Defending champion Djokovic angrily challenged the spectator to “say that to my face” and gestured to the man to come down onto the Rod Laver Arena court, the venue for 10 of his record 24 Grand Slam titles.

He then went on a roll, winning three straight games from 2-2 in the fourth set before finishing off Alexei Popyrin 6-3, 4-6, 7-6 (4) 6-3.

The 36-year-old Serb then turned to the crowd again and yelled, pumping his fist to celebrate the victory.

Asked later what triggered his rage, Djokovic responded: “I mean, you don’t want to know.”

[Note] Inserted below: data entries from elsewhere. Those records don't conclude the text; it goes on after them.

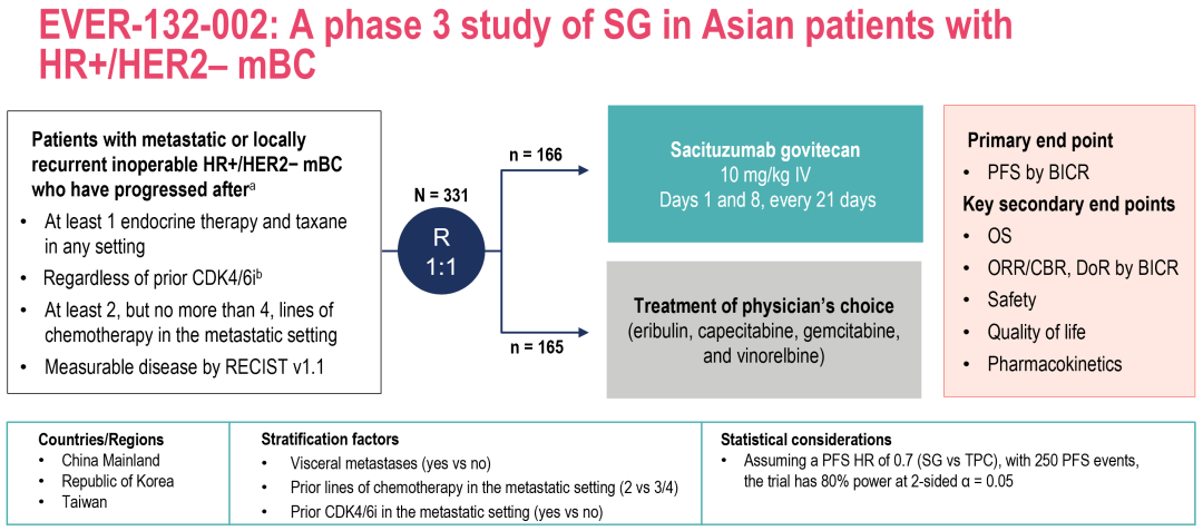 EVER-132-002研究是一项针对既往2-4次化疗经治的HR+/HER2-转移性乳腺癌的Ⅲ期、多中心、随机对照研究,共入组331例亚裔患者(中国大陆约70%),其中约50%的患者接受过CDK4/6i治疗,将患者按1:1随机分组后分别予以戈沙妥珠单抗或TPC治疗。2024年,由中国医学科学院肿瘤医院徐兵河教授作为第一作者,在《Nature Medicine》披露了该研究的初步结果,验证了戈沙妥珠单抗在亚裔患者的疗效、安全性以及生活质量[2]。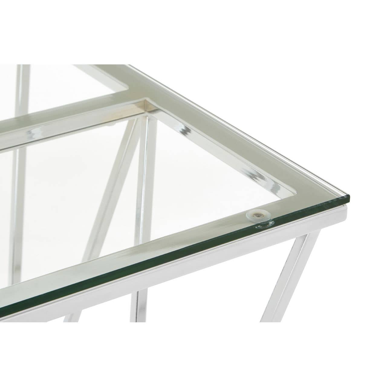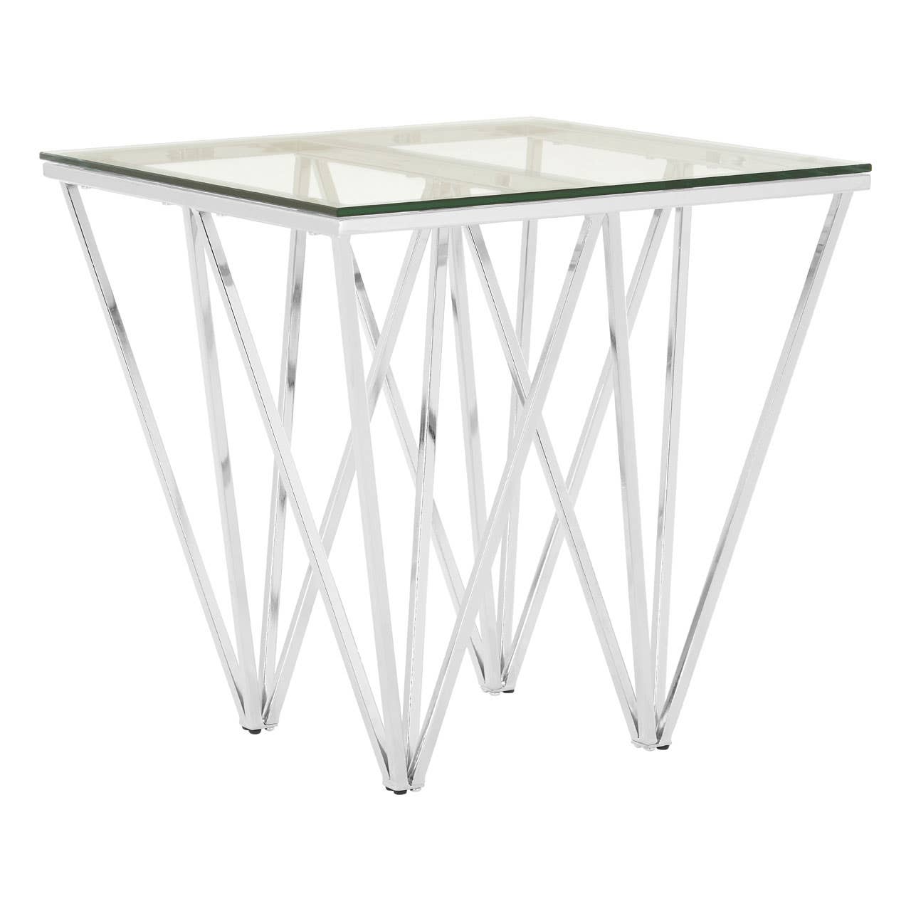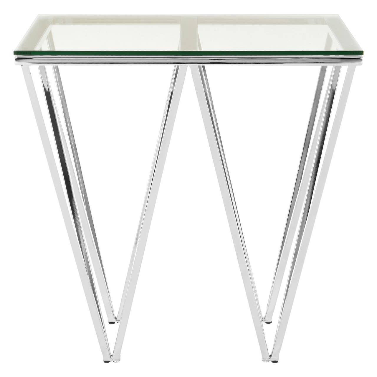 Enhance your living space with the Chrome Triangular End Table from our Allure collection. Crafted with sleek metal legs in a unique triangular design, this end table embodies sophistication and modern flair. Elevate your decor with this luxurious piece that effortlessly combines form and function.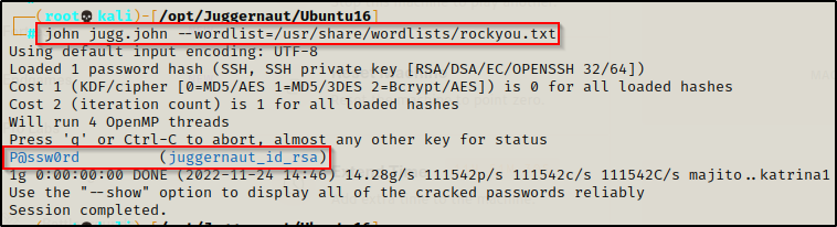 将输出重定向到文件后,我们现在可以尝试使用 John 和 rockyou.txt 单词表来破解密码。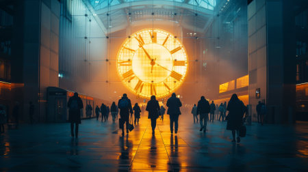 Blurred silhouettes of people move in front of a glass wall. The scene is dominated by warm tones with soft lighting. A clock hangs on the wall, indicating time. This image could be used for various commercial projects related to business, time management, or office environments.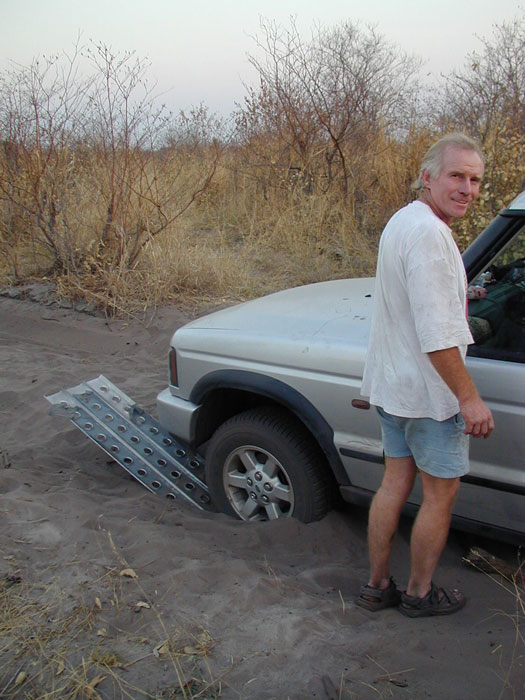 About an hour after lunch, the roads had become sandier. We met a couple of travelers coming the other way who had gotten stuck in the sand. It was one of those stretches where the road had split into 2 tracks, one track being better than the other. They had picked the wrong track and had been stuck there about 2 hours when we came along. (It was a nice couple from Capetown, and he was a psychologist on sabbatical and working on a dissertation about what happens to the human psyche when we are put out in the wild on our own, away from our familiar surroundings. Boy could I write a chapter or 2 in that one!) We got our sand mats down and worked with them for about 45 minutes before digging them out and sending them on their way. 45 precious minutes we would want back later. But on we trudged.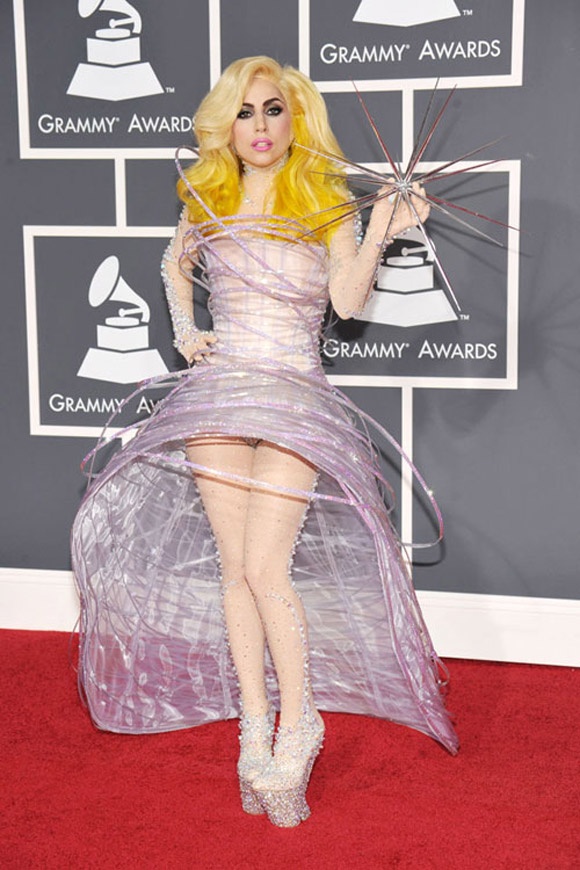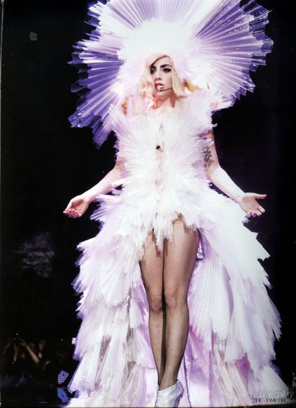 | Lady Gaga trông giống như nữ hoàng băng giá trong bộ váy với những đường cắt tua tủa. |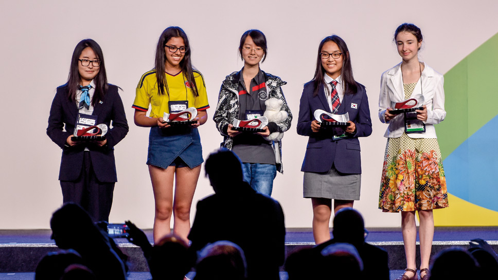 Criado para incentivar a participação de meninas nas Olimpíadas de Matemática, o prêmio IMPA Meninas Olímpicas 2017 foi dado pelo Instituto de Matemática Pura e Aplicada (IMPA) para a melhor competidora da IMO de cada continente. A colombiana Carolina Ortega, uma das vencedoras do prêmio e aluna do Massachusetts Institute of Technology (MIT), reconhece que o número de mulheres em competições é pequeno e desproporcional. Ela acredita que é um processo lento, mas tem esperanças de que, no futuro, mais mulheres participem das competições.
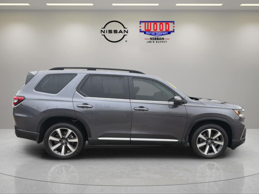 AWD, 3rd row seats: split-bench, Adaptive Cruise Control: Adaptive Cruise Control (ACC) with Low-Speed Follow, Apple CarPlay/Android Auto, Automatic temperature control, Blind Spot Information (BSI) System warning, Bose Premium Sound System, Front dual zone A/C, Heads-Up Display, Heated front seats, Heated rear seats, Honda Satellite-Linked Navigation System, HondaLink Subscription Services, Lane departure: Lane Keeping Assist System (LKAS) active, Navigation system: Honda Satellite-Linked Navigation System, Power Liftgate, Power moonroof, SiriusXM, Ventilated front seats, Wheels: 20" Shark Gray Machine Face with Black Lug Nuts, 12 Speakers, 4-Wheel Disc Brakes, 4.167 Axle Ratio, ABS brakes, Air Conditioning, Alloy wheels, AM/FM radio: SiriusXM, Auto High-beam Headlights, Auto-dimming door mirrors, Auto-dimming Rear-View mirror, Brake assist, Bumpers: body-color, Compass, Delay-off headlights, Driver door bin, Driver vanity mirror, Dual front impact airbags, Dual front side impact airbags, Electronic Stability Control, Emergency communication system: HondaLink, Exterior Parking Camera Rear, Four wheel independent suspension, Front anti-roll bar, Front Bucket Seats, Front Center Armrest, Front fog lights, Front reading lights, Fully automatic headlights, Garage door transmitter: HomeLink, Heated and Ventilated Front Bucket Seats, Heated door mirrors, Heated steering wheel, Illuminated entry, Knee airbag, Low tire pressure warning, Memory seat, Occupant sensing airbag, Outside temperature display, Overhead airbag, Overhead console, Panic alarm, Passenger door bin, Passenger vanity mirror, Perforated Leather Seat Trim, Power door mirrors, Power driver seat, Power passenger seat, Power steering, Power windows, Radio data system, Rain sensing wipers, Rear air conditioning, Rear anti-roll bar, Rear reading lights, Rear seat center armrest, Rear window defroster, Rear window wiper, Reclining 3rd row seat, Remote keyless entry, Security system, Speed control, Speed-sensing steering, Speed-Sensitive Wipers, Split folding rear seat, Spoiler, Steering wheel mounted audio controls, Tachometer, Telescoping steering wheel, Tilt steering wheel, Traction control, Trip computer, Turn signal indicator mirrors, and Variably intermittent wipers.

“I was tolerating it for most of the match. At one point I had enough,” he said. “He didn’t have the courage to come down. That’s what I was asking him: ‘If you have courage, if you’re such a tough man, tough guy, come down and tell it to my face.’”

That didn’t happen. Djokovic didn’t ask for the man to be removed. Stadium security didn’t intervene.

Djokovic moved on to the third round, still simmering a little bit about the episode.

“I’m not going to sit and say ‘it’s all good.’ It’s not good,” he said. “Of course, it upsets me. I’m frustrated. I don’t want to be experiencing that, but I have to accept it as it is.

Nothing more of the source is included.